Welcome to Ask Trevor

Welcome to Ask Trevor
Ask Trevor is an online, non-time sensitive question and answer resource for young people with questions surrounding sexual orientation and gender identity. Browse the published letters or submit your own letter.

Before submitting a letter, please be aware that letters are experiencing a longer than normal wait period. If you are in immediate crisis, please call The Trevor Lifeline at 866-488-7386.
All calls are confidential and toll-free from anywhere in the United States, 24 hours a day, 7 days a week. Please don’t hesitate to reach out. You are not alone.

You can also access TrevorChat, our crisis chat service, at: http://www.thetrevorproject.org/pages/get-help-now available 7 days a week from 12:00 p.m. - 6:00 p.m. Pacific / 3:00 p.m. - 9:00 p.m. Eastern.

Please note: If you reside outside the United States and you are currently in crisis or suicidal, you will not be able to access The Trevor Lifeline or TrevorChat. If you are outside of the U.S. and need to talk to someone immediately, please see the following link to international hotlines: http://www.suicide.org/international-suicide-hotlines.html. If you are suicidal, please seek help at the nearest emergency room.

Your letters are very important to us and all letters will be reviewed and responded to in the near future.

Hope you are having a great summer!

Tired of hiding who I am


My first question is do you have to be with somebody to know you’re gay/lesbian? When I tried bringing it up to my mother, she said, “How do you know? You haven’t been with anybody.” I don’t think that is what matters. I’m pretty sure I’m a lesbian. I am just so much more attracted to girls. My father really does not care for gay people and I’m terrified to tell him and the rest of my family. I feel like I’m falling apart and I just really don’t know what to do. All I know is I’m sick of hiding such a big part of me. What should I do? Please Help!!!

Letter submitted by:



Thanks for writing to us; you’re trying hard to work out your feelings and it takes both courage and confidence to talk about the issue. To answer your question, you don’t have to be in a relationship to be Gay, Lesbian or Bisexual. Using that logic, a person is not straight unless they have been with somebody. Knowing you are Gay or Lesbian is something you feel inside. Sexual attraction depends a lot on the individual person you find attractive. For instance, you may be attracted to someone of the opposite sex but yet still NOT identify yourself as straight because you prefer someone of our own sex. It’s important to be honest with yourself, and know that whatever you decide is okay and right for you.

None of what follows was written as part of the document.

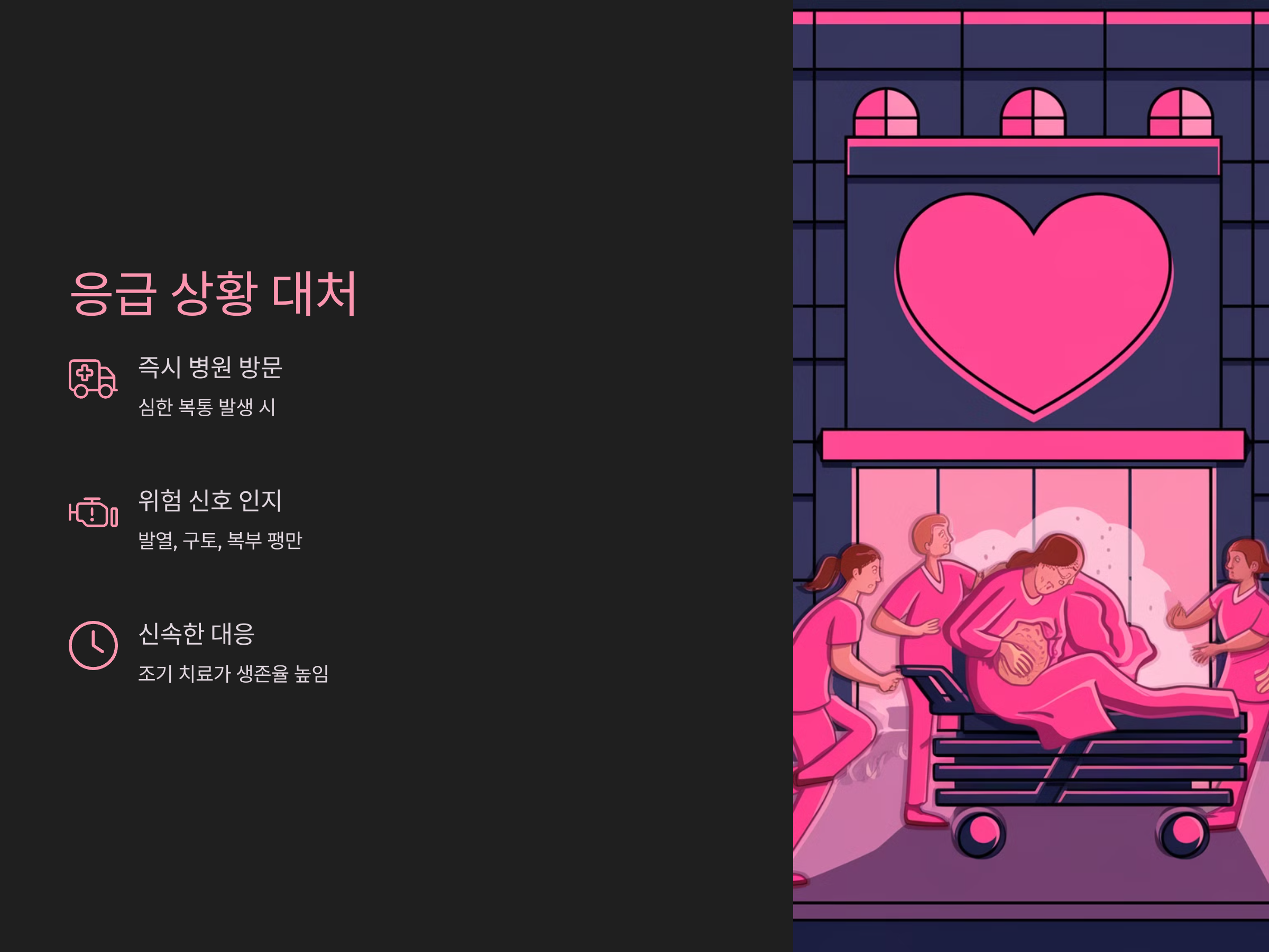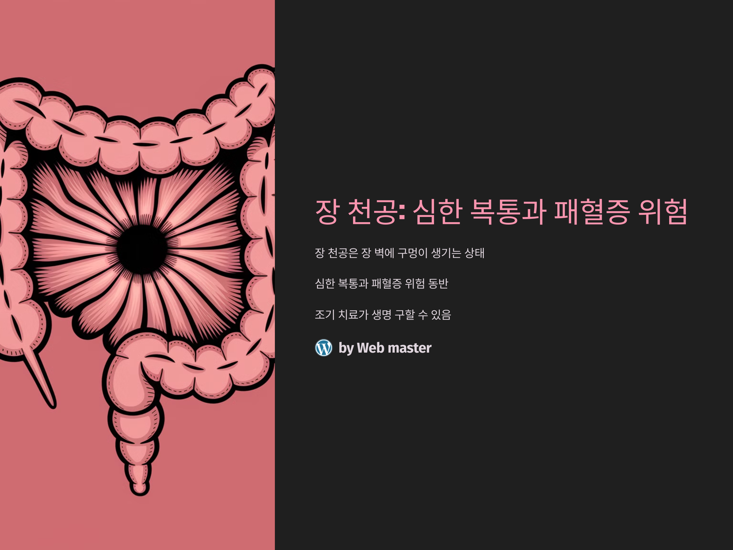 장 천공은 매우 위험한 상태로, 조기 발견과 치료가 생명을 구할 수 있습니다. 심한 복통과 함께 패혈증의 위험이 따르는 장 천공은 빠르게 진행되기 때문에, 의심되는 증상이 나타날 경우 즉시 병원을 방문해야 합니다. 장 천공의 원인과 증상을 이해하고, 예방을 위한 생활 습관 개선을 통해 위험을 최소화할 수 있습니다. 무엇보다도, 빠른 응급 치료와 전문적인 치료를 통해 장 천공의 위험을 줄일 수 있습니다.

Have you talked about the issue with friends? If not, you may want to check out the links below. You may be fine just talking about your sexuality or you may find it better to ease into the discussion by first talking about a LGBT actor or character in a movie, book or television show and see how the people in their life react. You might find it helpful to write out and rehearse things you might say. You could find the Human Rights Campaign’s “Resource Guide to Coming Out” at http://www.hrc.org/files/documents/ComingOut_ResourceGuide.pdf helpful. In addition, on http://amplifyyourvoice.org/youthresource/youthresource-comingout you’ll find an article called “Coming Out to Your Parents: Questions to Think About” which may be of help to you. The Advocates for Youth website can help you understand more about what it means to be Lesbian, because women’s viewpoint on sexuality isn’t as rigid as men’s: http://www.advocatesforyouth.org/index.php?option=com_content&task=view&id=730&Itemid=177

I’m sorry that your parents’ reactions are hurting you. In trying to figure out whether or not to come out to your family, ask yourself some questions: What does it feel like keeping this part of your life a secret? It sounds as if it’s caused you a lot of stress worrying about them finding out. Are you worried that if you told your family or your friends, you’d be unsafe physically or emotionally? If you told your parents, are you concerned that they might kick you out of the house? If you decided to tell them and they did kick you out, it would be important to have a safety plan, meaning a safe place where you could live and continue in school and find a way to support yourself financially. Some people decide to wait until they are living away from home and are financially independent before telling members of their family about their sexual orientation/gender identity. If you feel now is the right time, that’s absolutely fine. It’s most important is that you are comfortable and safe.

The PFLAG.org website has lots of information for parents who have questions or want to talk to other parents of LGBT people.  You might also look at the Advocates for Youth website, some of the information could help you find comfortable ways to let others know your sexuality: http://www.advocatesforyouth.org/index.php?option=com_content&task=view&id=730&Itemid=177 or http://www.advocatesforyouth.org/index.php?option=com_content&task=view&id=726&Itemid=336

It’s hard to be patient if you feel ready to come out; it is a big step, and it’s easier if you feel like you have some emotional support.  If you think it would help to talk it through with a professional, Alesha, contact the Association of Gay and Lesbian Psychiatrists by calling 215-222-2800 or visiting their website at www.aglp.org for help in finding someone in your area to talk with. They might help you find ways to cope with your family situation.

Remember that you can always use Trevor Space, Alesha, it’s a great way to find out how others in your situation were able to come out.